YOUR GOAL> Where the line containing "Celebrity Pavilion A-line" appears, start repeating, and continue exactly through the last line below, adding nothing. Include no pictures.

DATASET EXTRACT>
┄┄┄┄┄┄┄┄┄┄┄┄┄┄┄┄┄┄┄┄

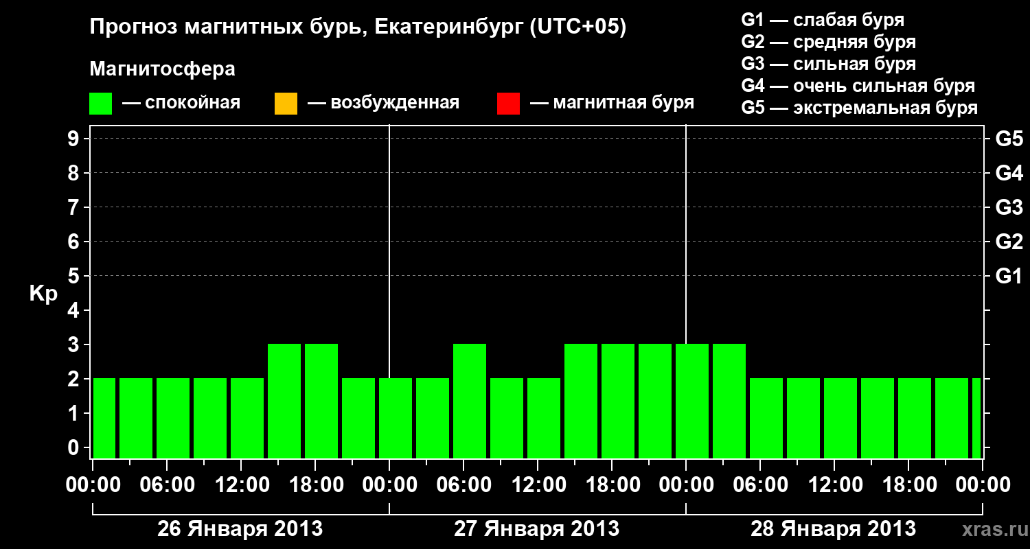 Прогноз магнитных бурь в Екатеринбурге на 26 января 2013 года
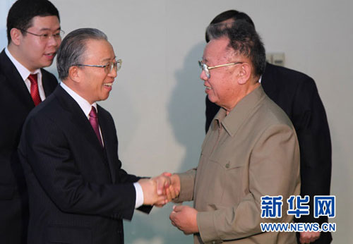 朝鮮勞動(dòng)黨總書(shū)記、國(guó)防委員會(huì)委員長(zhǎng)金正日9日在平壤會(huì)見(jiàn)了國(guó)務(wù)委員戴秉國(guó)。
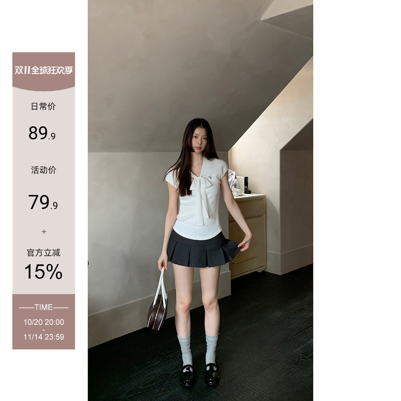 Celebrity Pavilion A-line skirt women's summer 2025 new hip-hugging pleated skirt, small low-waisted skirt, gray short skirt
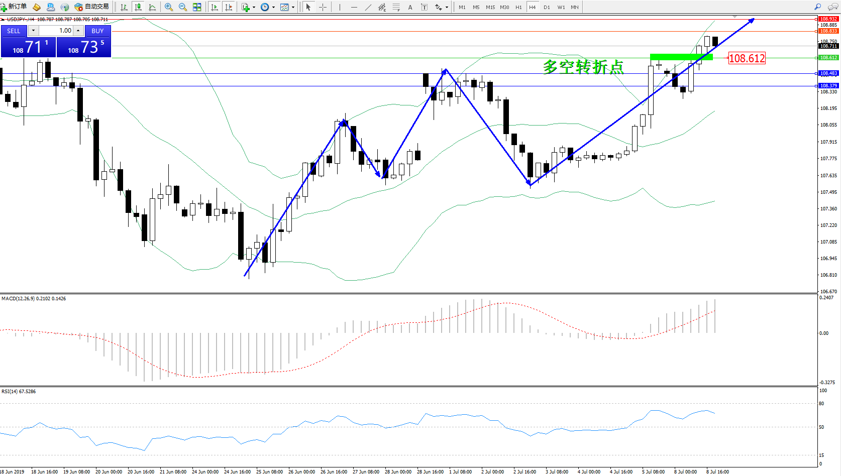 多空转折点:108.612

┄┄┄┄┄┄┄┄┄┄┄┄┄┄┄┄┄┄┄┄

RESPONSE AREA>
 Celebrity Pavilion A-line skirt women's summer 2025 new hip-hugging pleated skirt, small low-waisted skirt, gray short skirt
 多空转折点:108.612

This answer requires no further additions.